Porphyromonas gingivalis, a Gram-negative black-pigmented anaerobe, is a major causative agent of chronic periodontitis [1], which leads to permanent tooth loss [2]. Recently, much attention has been paid to this bacterium and other periodontopathic ‘red complex species’ (Tannerella forsythensis, Treponema denticola) [3], because of their close relationships to systemic diseases, such as atherosclerotic cardiovascular disorder [4], [5], [6], decreased kidney function [7], and rheumatoid arthritis [8].

A common feature among these bacteria is that they do not ferment glucose or sucrose (asaccharolytic), but rather utilize amino acids as energy and carbon sources [9], [10], [11]. In P. gingivalis, nutritional extracellular proteins are initially degraded to oligopeptides by potent cysteine endopeptidases, i.e., gingipains R (Rgp) and K (Kgp) [12], [13], [14], then oligopeptides are degraded to di- and tri-peptides, the main incorporated forms in P. gingivalis [15], [16]. As for the amino acid transport system, an analysis of the P. gingivalis genome indicated the existence of two types of oligopeptide transporters [10], which are considered to mediate di- and tri-peptide incorporation. In addition, a sodium ion-driven serine/threonine transporter with a sequence similar to that of the Escherichia coli serine transporter has been reported [17]. In this context, exopeptidases consisting of dipeptidyl peptidases (DPPs), tripeptidyl peptidase, and acylpeptidyl oligopeptidase (AOP) producing di- and tri-peptides from oligopeptides are viewed as important for P. gingivalis to acquire proteinaceous nutrition from the mixed-species environment of the subgingival sulcus.

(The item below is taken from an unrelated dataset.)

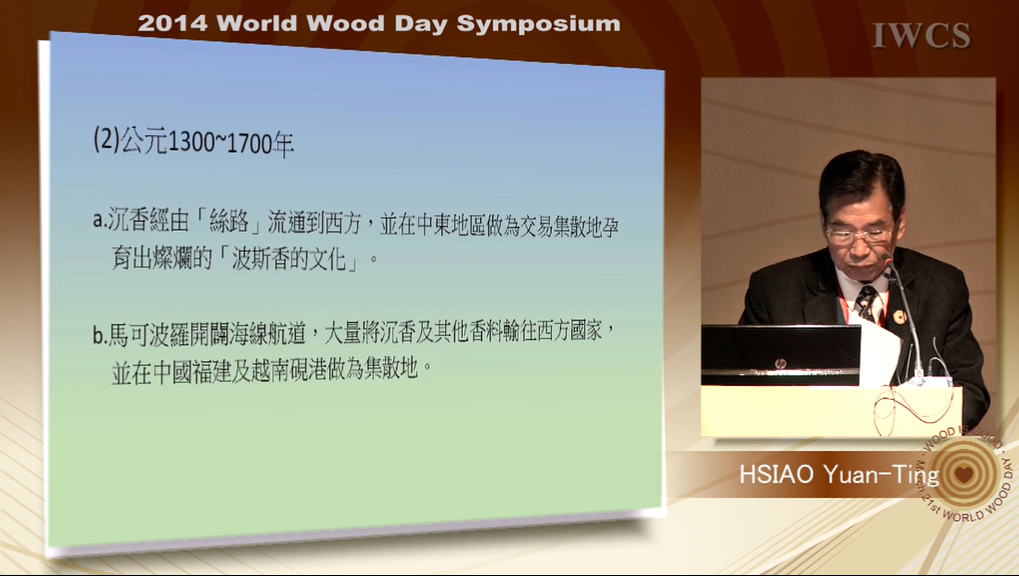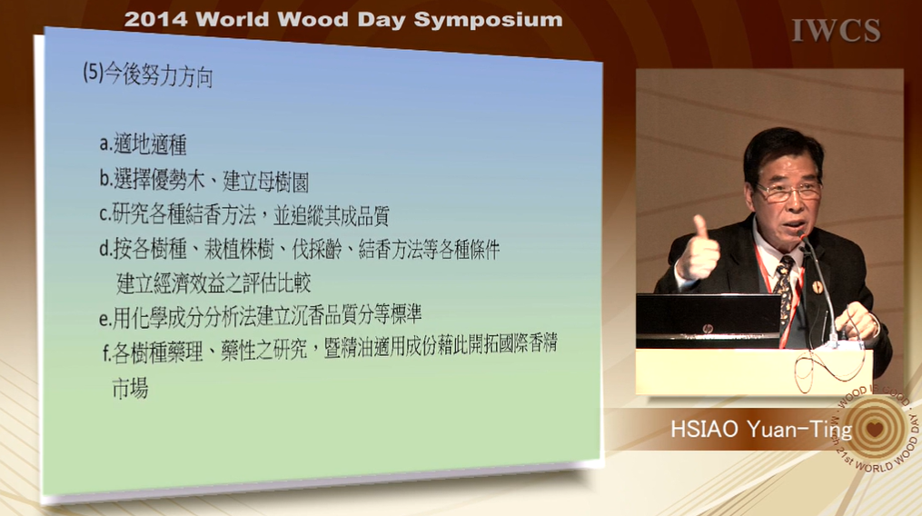 Mr. HSIAO worked at the Council of Agriculture Executive Yuan, Forestry Bureau, Taiwan from 1966 through 1974. During his service period at the Bureau, he passed both the Civil Service 1st-Level Senior Examination and the Examination of Forestry Technician in 1971. After the years of working for the government, he devoted himself to forest exploitation two years in Indonesia starting from 1974. Until the present, he has engaged in agarwood and sandalwood industry since 1976, which has brought him the invaluable travel experience in all the countries where he could explore the ecology of agarwood and sandalwood. His practical profession earned him the Award of Outstanding Enterprise Manager in 1999. In 2010, the speaker demonstrated his entire specialized repository into the book "Agarwood--Mysterious Substance of Energy" in Taiwan. Three years later, Sanjin Publisher received authorization to release it into China's publication market. Furthermore, he was invited to deliver talks on agarwood related topics in the Convention on International Trade in Endangered Species of Wild Flora and Fauna in 2011 and the International Conference of International Wood Culture Society in the following year. In 2013, he was selected as one of the best ten lecturers by The Industrial Technology Research Institute. He is a lecturer of agarwood workshops at the Institute.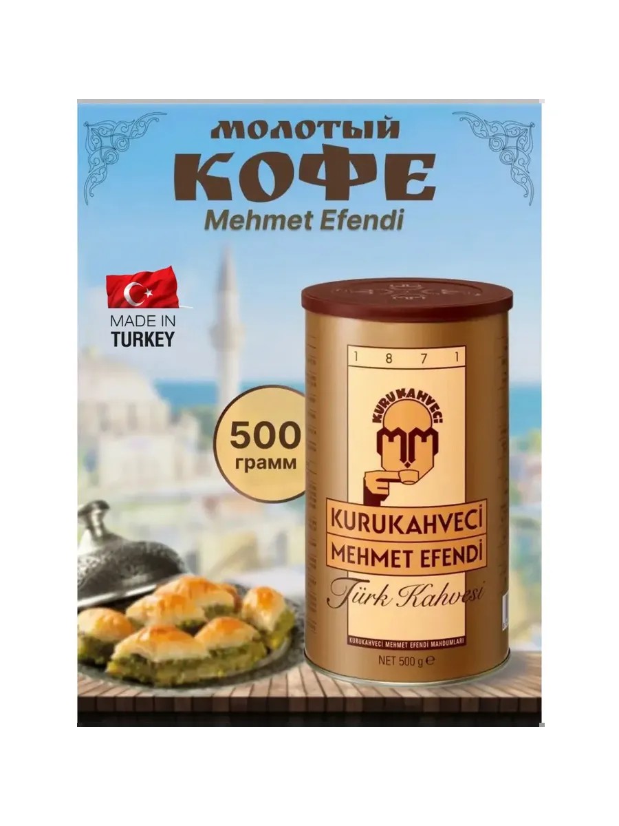 Турецкий кофе мелкого помола, средней обжарки произведенный из 100% арабики 500гр. в жестяной банке от известнейшего кофейного дома Kurukahveci Mehmet Efendi.

Initially, DPP4, DPP7, and prolyl tripeptidyl peptidase A (PtpA) were the only exopeptidases identified in P. gingivalis. These share substrates according to their altered specificities, as DPP4 is highly specific for Pro at the penultimate position from the N-terminus (P1 position), though it accepts Ala to a lesser extent [18], [19], DPP7 is preferential to P1 hydrophobic amino acids [20], and PtpA liberates tripeptides with P1-position Pro, an activity that is able to compensate DPP4 and DPP7, which are unable to accept oligopeptides with Pro at the third position [21]. Although these three exopeptidases could not sufficiently explain the entire metabolism of extracellular oligopeptides, no other members were added to the list of P. gingivalis exopeptidases for a period of 10 years. Even though Asp and Glu are located in central routes of metabolism in P. gingivalis [10], [15], [22] (Fig. 1), oligopeptides with acidic amino acid residues do not seem to be efficiently produced. Moreover, none of DPPs [19], [21], [23] and PtpA [20] are incapable of utilizing N-terminally blocked polypeptides, such as the various serum proteins present in gingival crevicular fluid.

Figure 1

Schematic illustration of extracellular oligopeptide metabolism in P. gingivalis. The metabolic pathway of P. gingivalis from the extracellular polypeptides, di- and tri-peptide incorporation, amino acid metabolism, and excretion as short-chain fatty acids, are schematically illustrated [10], [15]. Amino acids, except for Ser and Thr, are mainly transported as di- and tri-peptides via oligopeptide transporters [10]. Rgp and Kgp are mainly localized on the outer membrane (OM), while DPPs, PtpA, and AOP are located in periplasmic space [23], [24], [25]. Scissors indicate peptidases, which cleave peptide bonds at specific positions. Stars represent acylaminoacyl groups at the N-terminus. IM, inner membrane.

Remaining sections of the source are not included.